Manipulasi Pasar atau Ketakutan yang Sesungguhnya?
Terakhir, ada pasar itu sendiri. Anda akan sering mendengar desas-desus bahwa "Whales" (investor besar) menyebarkan ketakutan kuantum untuk menurunkan harga dan membeli dengan harga murah.
Meskipun manipulasi pasar memang ada, ancaman kuantum terlalu kompleks untuk menjadi alat "FUD" (Ketakutan, Ketidakpastian, Keraguan) yang efektif. Kecemasan yang Anda lihat sebagian besar berasal dari para pengembang itu sendiri. Namun, "Krisis Kepercayaan" itu nyata.
Harga Bitcoin didasarkan pada kepercayaan pada matematika. Jika Alphabet (GOOGL ) mengumumkan besok bahwa it Jika perhitungan matematisnya salah, harga bisa anjlok hanya karena takut—jauh sebelum satu satoshi pun benar-benar dicuri.
Pengambilan Investor
Risiko kuantum sama pentingnya dengan persepsi dan realitas. Bahkan sebelum koin dicuri, rasa takut saja dapat memicu volatilitas.

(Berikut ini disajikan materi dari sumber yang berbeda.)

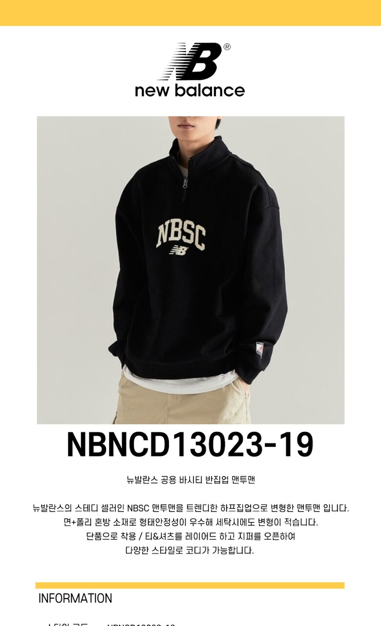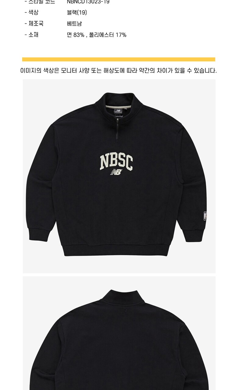 뉴발란스 공용 바시티 반집업 맨투맨 NBNCD13023-19

Nilai jangka panjang akan bergantung pada kemampuan Bitcoin untuk mengoordinasikan peningkatan sebelum kepercayaan terkikis.
Kesimpulan: Terlalu Besar untuk Gagal?
Terlepas dari skenario suram ini, kemungkinan Bitcoin bertahan diperkirakan lebih dari 95%. Mengapa? Karena adanya penguatan institusional.
Dengan BlackRock (BLK )Dengan investasi miliaran dolar dari Fidelity dan perusahaan penambangan publik lainnya, pada dasarnya ada anggaran tak terbatas untuk memperbaiki masalah ini. Ketika ancaman menjadi nyata, "keserakahan" menjadi pertahanan terbaik Bitcoin. Jaringan akan ditingkatkan karena orang-orang yang memilikinya tidak mampu menanggung kegagalannya.
Sejauh ini, kita telah melukiskan gambaran suram tentang teknologi kuantum sebagai penghancur rahasia dan nilai. Tetapi apakah itu keseluruhan ceritanya? Dalam pembahasan kita... artikel terakhir, kita akan membalik alur cerita dan melihat 5 Cara Utama Komputer Kuantum Akan Menyelamatkan Dunia—mulai dari menyembuhkan kanker hingga mengatasi perubahan iklim.